Burak spent her early childhood in Triangle, Zimbabwe, where she attended Murray MacDougall Junior School, before she moved to England when she was eight years old and lived in Guiseley, West Yorkshire and attended Menston Primary School and St Mary's Catholic High School in Menston. She had an interest in flying, so joined the Royal Air Force Air Training Corps, but had to leave after injuring her leg during a game of football. She gained a bachelor's degree in Geography and European Studies at the University of Sussex, when she spent a year in Switzerland and learned to speak French. She was then awarded a European Union scholarship to complete a Master of Science degree at the University of Leicester.

==Broadcasting career==
After three years in an information technology career, Burak started her media career as a broadcast assistant for BBC Weather, and trained as a broadcast meteorologist during this time. She began broadcasting as a relief forecaster for BBC regions and nations, eventually joining BBC East Midlands as one of their permanent forecast team, before becoming the lunchtime news anchor.

===Sky News===
Burak moved to Sky News in 2006. Her main role involved presenting Sky News overnight, with her typical shift starting at midnight ending at 06:00. During this time she presented Sky News on the Hour from 01:00 to 03:00 and then Sky World News from 03:00 to 06:00, which caters for audiences within Europe, Asia and Africa. She left Sky News in 2012, but returned in 2013.

===International broadcasting===
In August 2012, Burak joined eNCA (eNews Channel Africa), based in South Africa. She said that she had to relocate to South Africa as her husband had been offered a new job there, but that she was very much looking forward to the opportunity to join the channel's Africa Edition team and to have the opportunity to conduct live interviews rather than dealing with predominantly pre-recorded material. But of her former employers, Sky News, she said: "Sky is an experience I would recommend to anybody. When you are working at that level in the industry, you could not ask for anything else." Burak rejoined Sky News in 2013 before departing once more in June 2015. She joined the team of Al Jazeera English in Doha.

===Return to BBC===
In May 2016 Burak returned to BBC News, joining BBC East Midlands and BBC World News. She began presenting on the BBC News Channel on 13 August 2016. In September Burak became the main presenter of Inside Out East Midlands and the relaunched England edition, which is a weekly round-up of the three best reports from across the country.

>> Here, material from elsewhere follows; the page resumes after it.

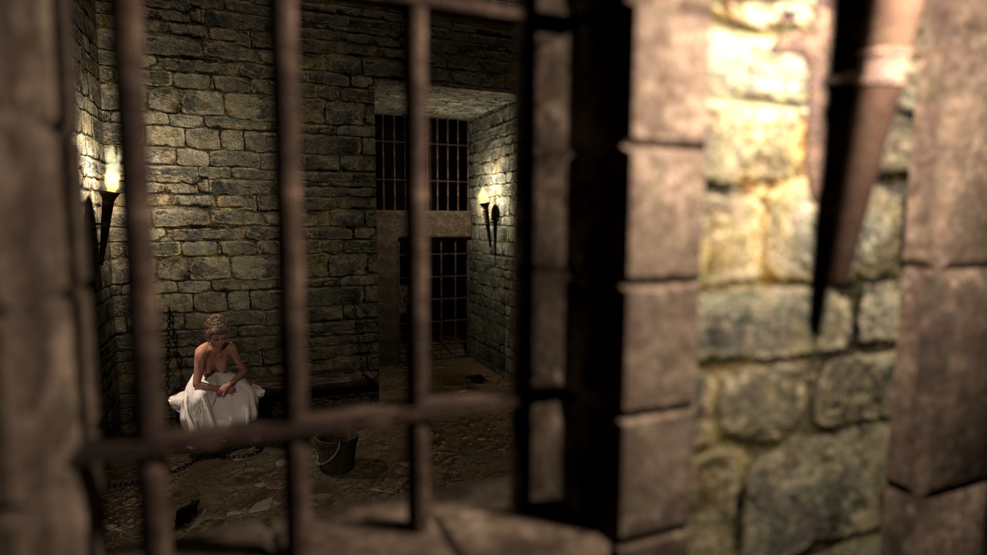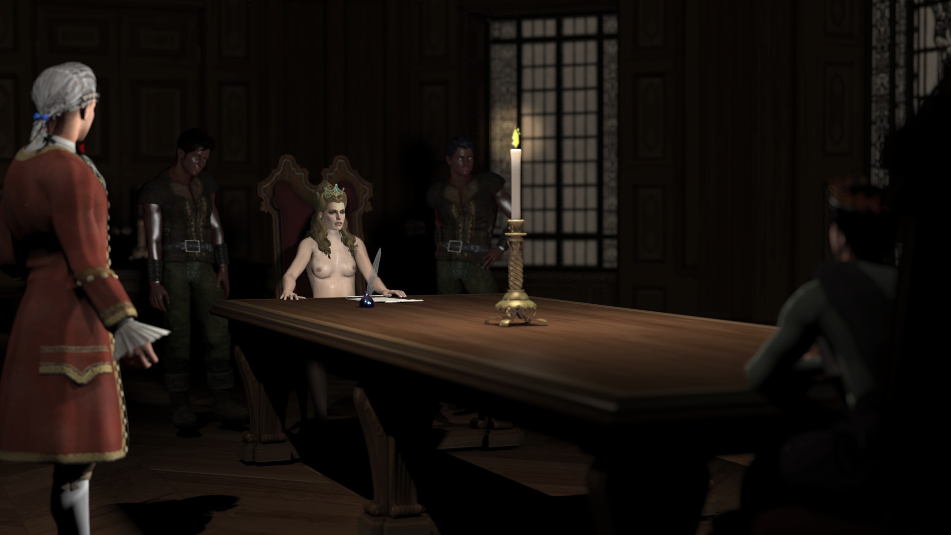Anna Henrietta and her enraged husband, the Duke. Dragged naked from the bedroom, she's given an ultimatum, give up all her hereditary rights and live in seclusion or visit the dungeon. Two of the dungeon guards were called in the room to stress the seriousness of it. Anna was sure her husband was only bluffing and she decided to call his bluff.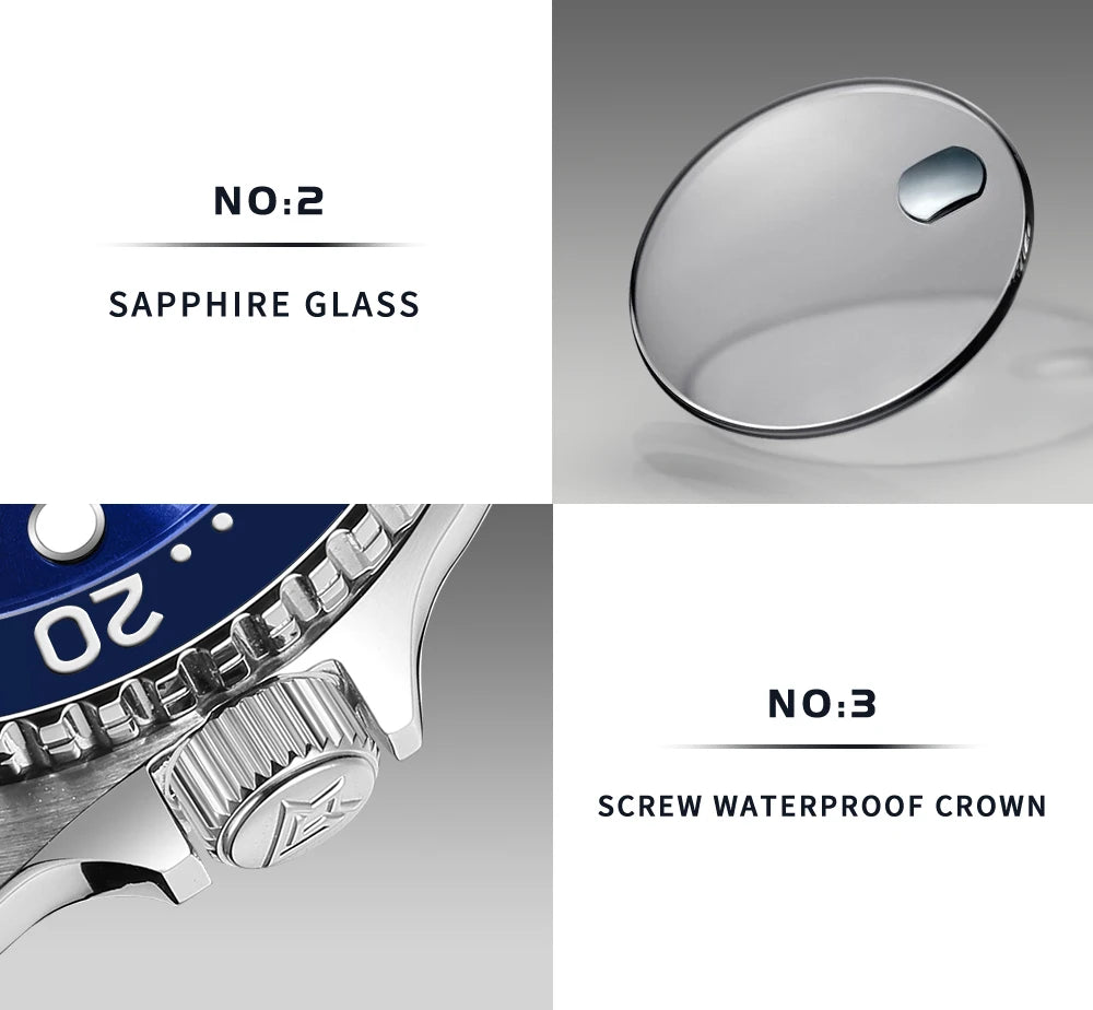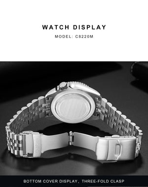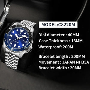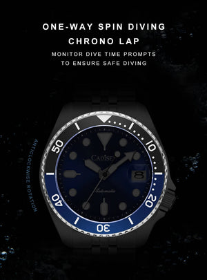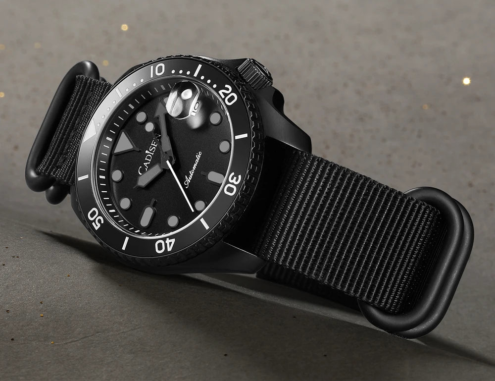 The CADISEN C8220 combines traditional watchmaking with modern dive watch specifications. Its automatic mechanical movement operates independently without battery dependency, while the ceramic rotating bezel enables accurate dive timing and decompression calculations. Sapphire crystal glass provides superior scratch resistance and optical clarity essential for underwater readability. Luminous hour markers and hands glow reliably in darkness, critical for deep-water navigation. The lightweight nylon band offers flexibility and quick-drying properties ideal for aquatic environments. This timepiece balances technical precision with everyday wearability, making it a versatile choice for divers and watch collectors alike.

Burak went on to anchor the BBC World News channel in London.

==Other interests==
Burak was portrayed on the cover of Issue 2 of UK Zambians' Lifestyle Magazine in the summer of 2008. She was also appointed patron of the charity All Star Kids (1079911) at the start of December 2008. She is an ambassador for Malaria No More UK, as a result of her own personal experiences as a child. Since January 2011, she has been the director of hair products company Gidore which she founded.

==Personal life==
Burak is married with two children. She lives in the village of Braybrooke, Northamptonshire.